** DATA SHOWN follows **

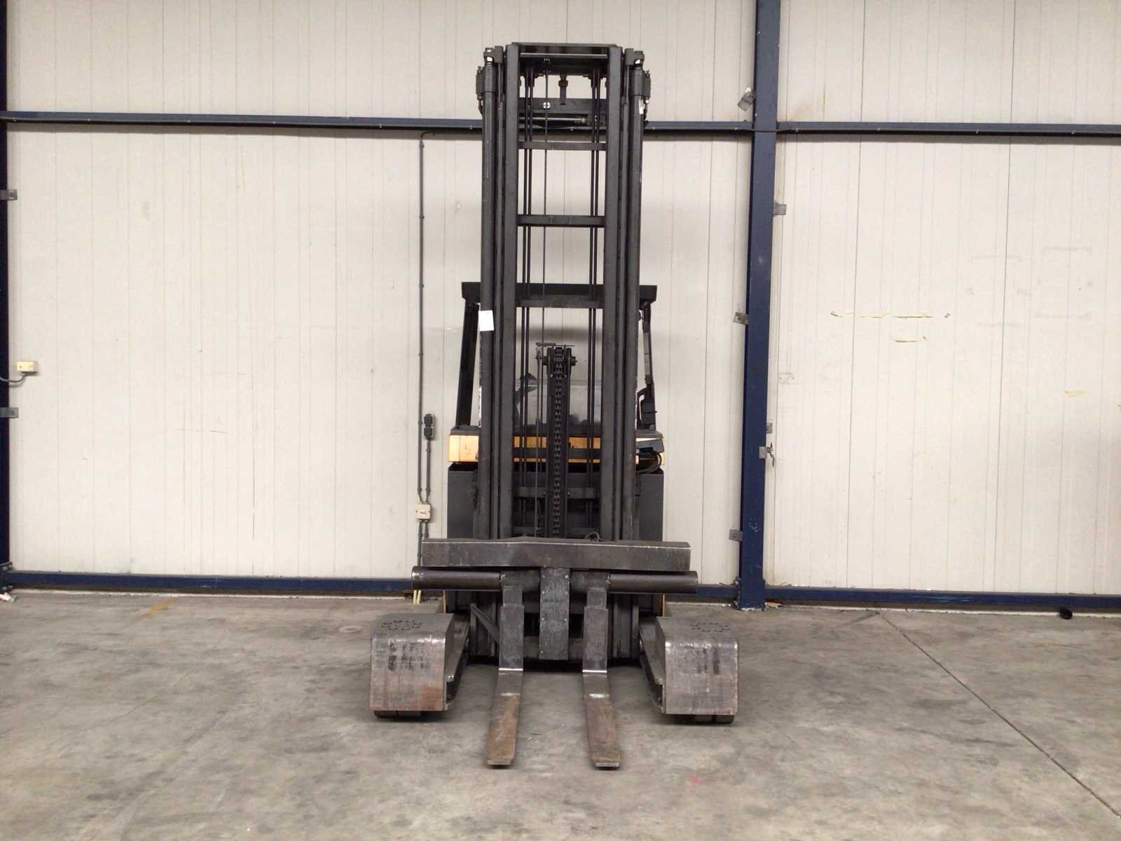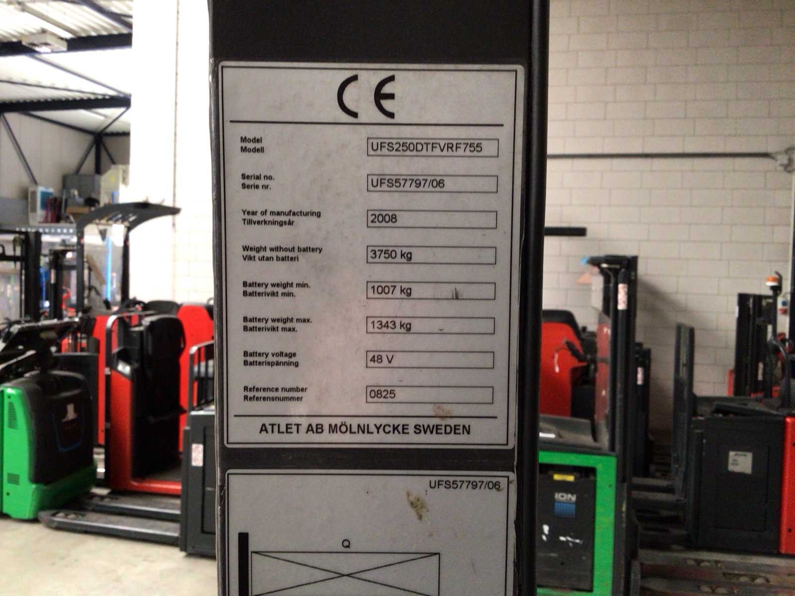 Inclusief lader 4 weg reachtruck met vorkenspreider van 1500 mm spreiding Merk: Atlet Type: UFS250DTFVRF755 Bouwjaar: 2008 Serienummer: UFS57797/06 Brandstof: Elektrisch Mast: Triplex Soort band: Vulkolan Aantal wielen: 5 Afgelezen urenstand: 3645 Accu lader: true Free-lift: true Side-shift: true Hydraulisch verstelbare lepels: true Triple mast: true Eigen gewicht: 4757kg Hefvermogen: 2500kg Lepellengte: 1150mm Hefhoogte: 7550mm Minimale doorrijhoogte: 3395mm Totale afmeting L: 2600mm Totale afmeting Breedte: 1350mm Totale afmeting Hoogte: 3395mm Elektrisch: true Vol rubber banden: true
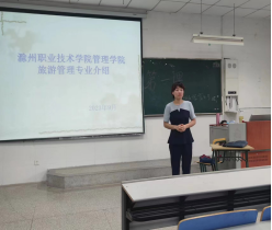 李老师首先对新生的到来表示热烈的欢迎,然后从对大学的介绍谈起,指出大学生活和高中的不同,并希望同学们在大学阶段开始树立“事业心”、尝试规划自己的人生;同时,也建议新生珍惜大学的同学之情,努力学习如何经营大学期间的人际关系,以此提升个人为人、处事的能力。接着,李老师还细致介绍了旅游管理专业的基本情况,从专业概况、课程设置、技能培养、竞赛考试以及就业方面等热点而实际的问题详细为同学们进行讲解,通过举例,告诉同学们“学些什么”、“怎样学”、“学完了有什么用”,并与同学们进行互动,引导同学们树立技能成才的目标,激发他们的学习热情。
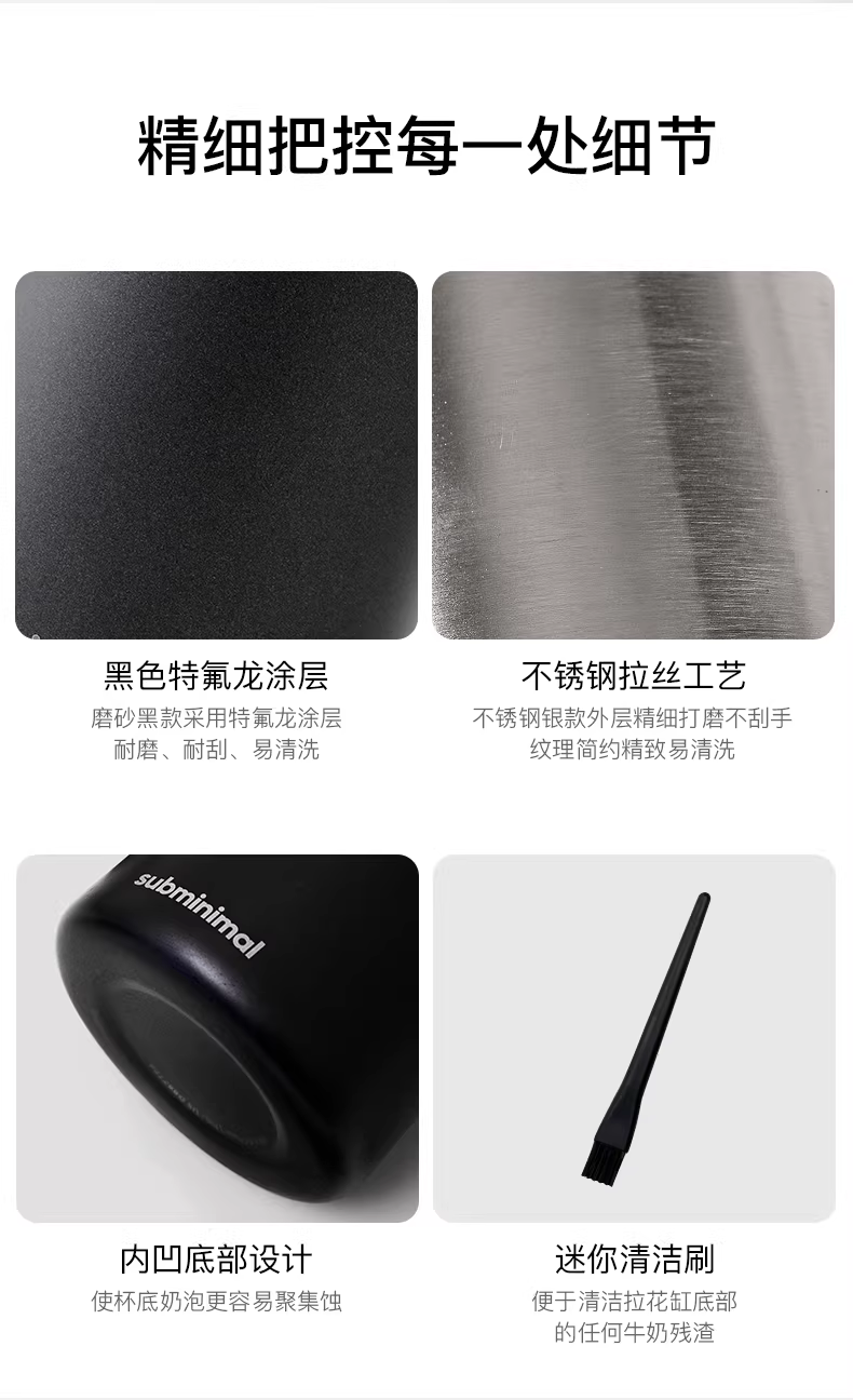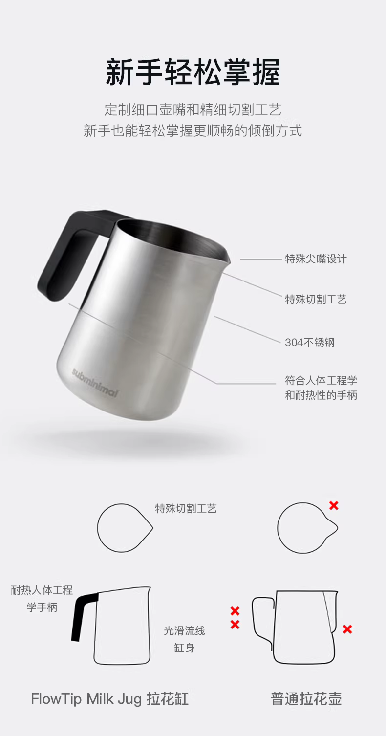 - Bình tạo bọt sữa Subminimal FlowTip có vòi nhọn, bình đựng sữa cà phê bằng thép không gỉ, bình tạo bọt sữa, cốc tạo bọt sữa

** End of DATA SHOWN **
** DATA SHOWN follows **

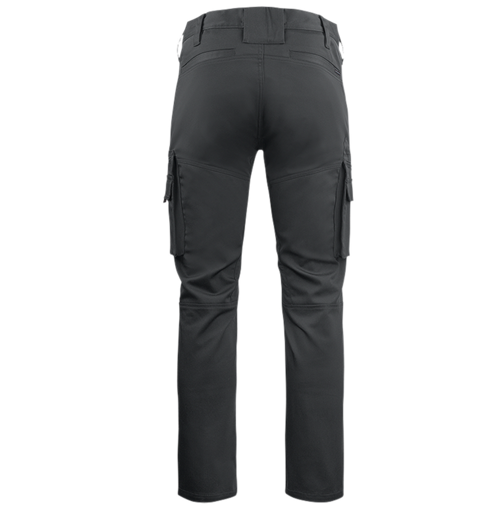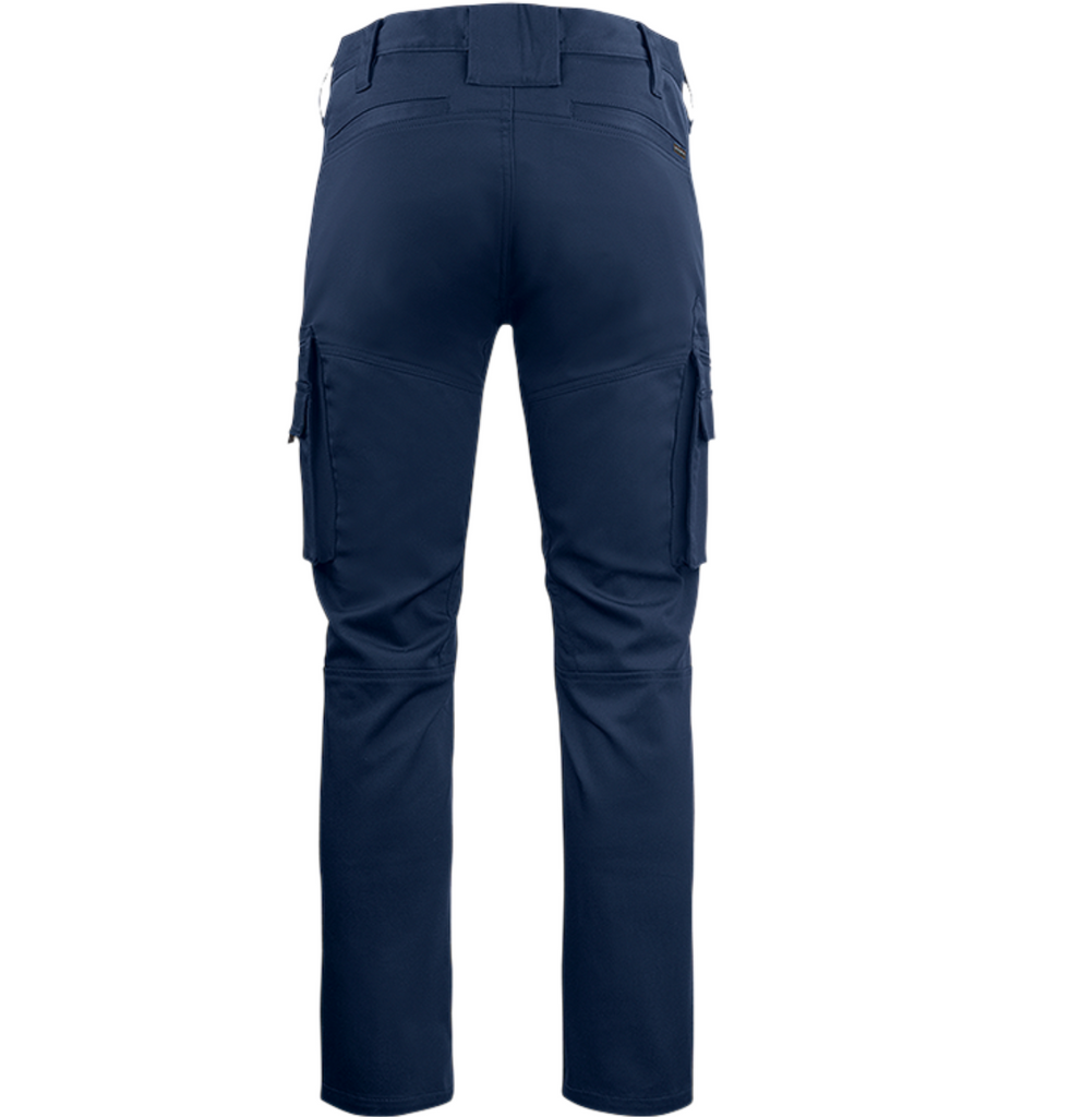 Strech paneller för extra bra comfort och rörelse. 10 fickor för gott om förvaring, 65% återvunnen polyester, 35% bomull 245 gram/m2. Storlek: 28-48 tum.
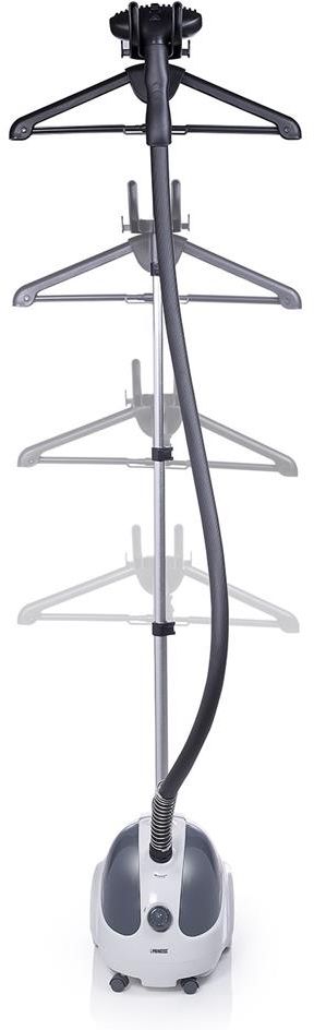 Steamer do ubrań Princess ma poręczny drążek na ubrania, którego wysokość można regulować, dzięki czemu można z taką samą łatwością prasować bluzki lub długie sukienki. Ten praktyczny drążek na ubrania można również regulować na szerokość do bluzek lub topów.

** End of DATA SHOWN **
** DATA SHOWN follows **

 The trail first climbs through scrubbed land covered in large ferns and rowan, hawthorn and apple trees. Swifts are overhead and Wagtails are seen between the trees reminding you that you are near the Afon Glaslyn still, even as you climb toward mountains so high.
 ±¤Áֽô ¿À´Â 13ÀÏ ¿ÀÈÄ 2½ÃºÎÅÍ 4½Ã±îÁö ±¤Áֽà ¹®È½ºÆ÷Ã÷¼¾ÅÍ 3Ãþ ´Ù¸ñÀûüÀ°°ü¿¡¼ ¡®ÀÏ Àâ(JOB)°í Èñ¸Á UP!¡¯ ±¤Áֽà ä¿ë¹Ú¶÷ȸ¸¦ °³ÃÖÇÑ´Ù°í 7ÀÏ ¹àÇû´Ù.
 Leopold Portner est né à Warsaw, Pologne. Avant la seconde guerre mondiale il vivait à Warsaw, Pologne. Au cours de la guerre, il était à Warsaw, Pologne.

** End of DATA SHOWN **

— ABOUT THIS TASK —
Take the entries above and copy exactly the lines starting at the one with "Strech paneller för" and ending at the one with "Steamer do ubrań"; nothing outside that span, and no pictures.

— TASK RESULT —
 Strech paneller för extra bra comfort och rörelse. 10 fickor för gott om förvaring, 65% återvunnen polyester, 35% bomull 245 gram/m2. Storlek: 28-48 tum.
 Steamer do ubrań Princess ma poręczny drążek na ubrania, którego wysokość można regulować, dzięki czemu można z taką samą łatwością prasować bluzki lub długie sukienki. Ten praktyczny drążek na ubrania można również regulować na szerokość do bluzek lub topów.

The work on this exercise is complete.